Stored data Start Marker

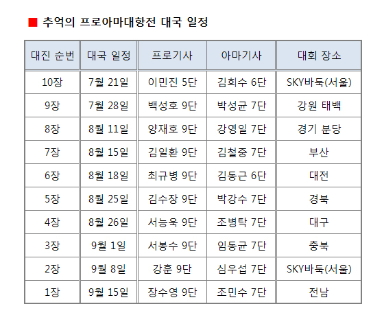 µ¿¾ç»ý¸í ÃÊû Ãß¾ïÀÇ ÇÁ·Î¡¤¾Æ¸¶´ëÇ×ÀüÀÇ ´ë±¹ÀÏÀº ¼ö¿äÀÏÀÌ´Ù. ¿ÀÇÁ¶óÀÎÀ¸·Î ÁøÇàµÇ¸ç Àú³á 7½Ã ŸÀÌÁª ´ë±¹½Ç »ýÁß°èÇÑ´Ù. ¶ÇÇÑ SKY¹ÙµÏ¿¡¼µµ ¹æ¼ÛµÉ ¿¹Á¤ÀÌ´Ù. ÈÄ¿øÀº µ¿¾ç»ý¸í(ÁÖ).
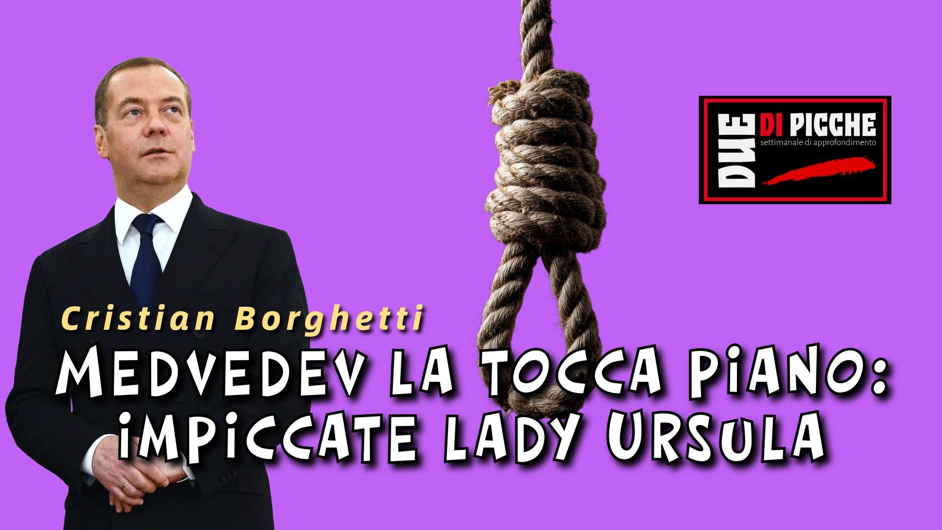 Conosciamo Medvedev, quel suo esprimersi senza peli sulla lingua, oltremodo colorito, inatteso, forse inappropriato – quasi fosse affetto dalla sindrome di Tourette – quindi non ci sconvolgono gli anatemi tipo “Gli europei prendano d’assalto Bruxelles e impicchino tutti i commissari europei, inclusa, ovviamente, la vecchia pazza Lady Ursula, ai pennoni delle bandiere dei Paesi dell’Ue. Non servirà a niente, certo, ma almeno sarà divertente”.
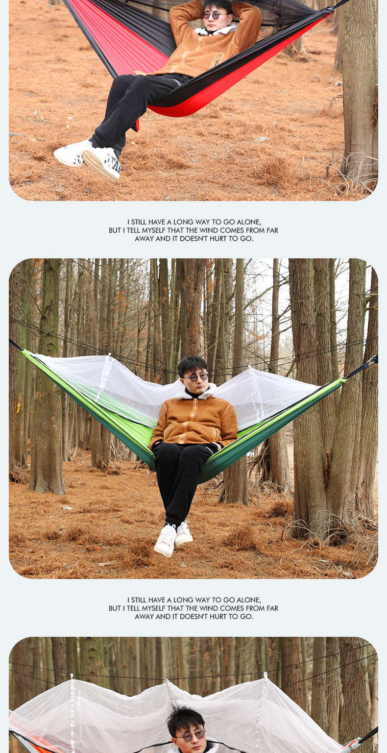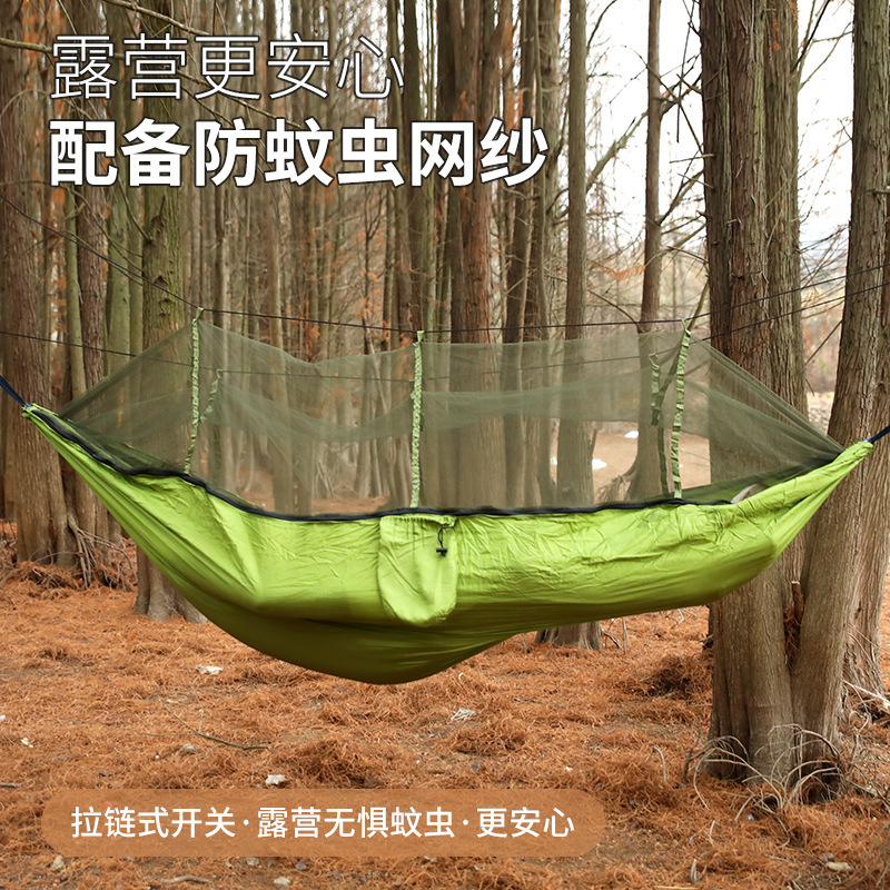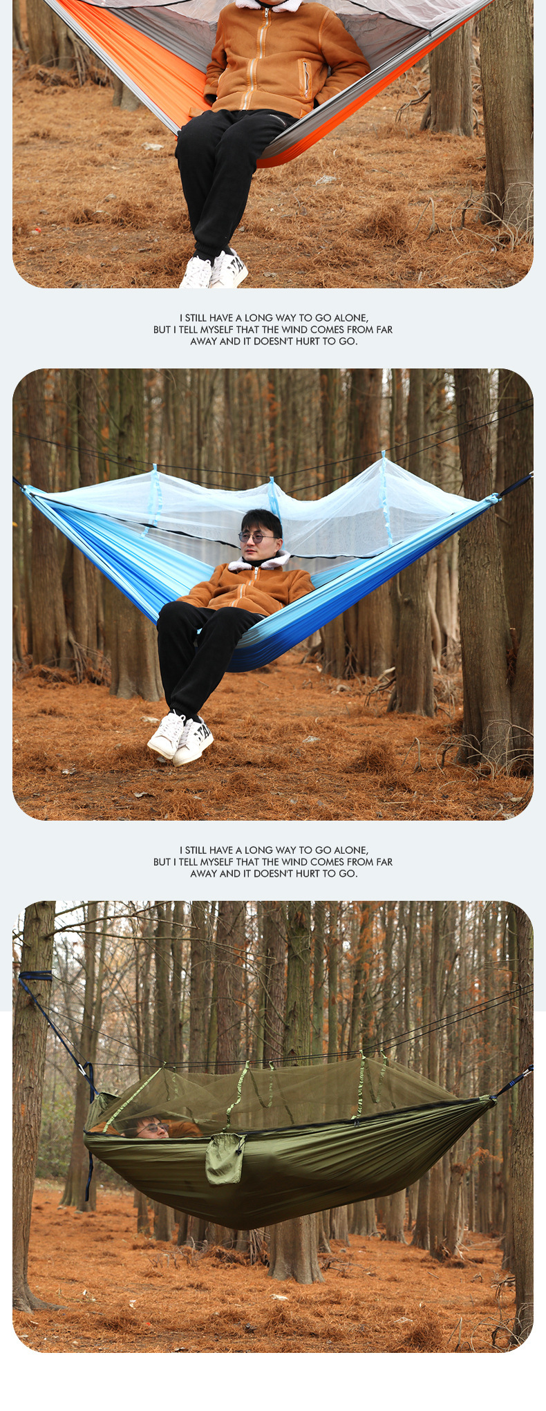 品名:蚊帐吊床 面料:210T起皱尼丝纺(俗称降落伞布)+涤纶网纱

Stored data End Marker

*Problem description:* Your reply should hold every line above exactly as written and none of the pictures.

*Result of the task:*
 µ¿¾ç»ý¸í ÃÊû Ãß¾ïÀÇ ÇÁ·Î¡¤¾Æ¸¶´ëÇ×ÀüÀÇ ´ë±¹ÀÏÀº ¼ö¿äÀÏÀÌ´Ù. ¿ÀÇÁ¶óÀÎÀ¸·Î ÁøÇàµÇ¸ç Àú³á 7½Ã ŸÀÌÁª ´ë±¹½Ç »ýÁß°èÇÑ´Ù. ¶ÇÇÑ SKY¹ÙµÏ¿¡¼µµ ¹æ¼ÛµÉ ¿¹Á¤ÀÌ´Ù. ÈÄ¿øÀº µ¿¾ç»ý¸í(ÁÖ).
 Conosciamo Medvedev, quel suo esprimersi senza peli sulla lingua, oltremodo colorito, inatteso, forse inappropriato – quasi fosse affetto dalla sindrome di Tourette – quindi non ci sconvolgono gli anatemi tipo “Gli europei prendano d’assalto Bruxelles e impicchino tutti i commissari europei, inclusa, ovviamente, la vecchia pazza Lady Ursula, ai pennoni delle bandiere dei Paesi dell’Ue. Non servirà a niente, certo, ma almeno sarà divertente”.
 品名:蚊帐吊床 面料:210T起皱尼丝纺(俗称降落伞布)+涤纶网纱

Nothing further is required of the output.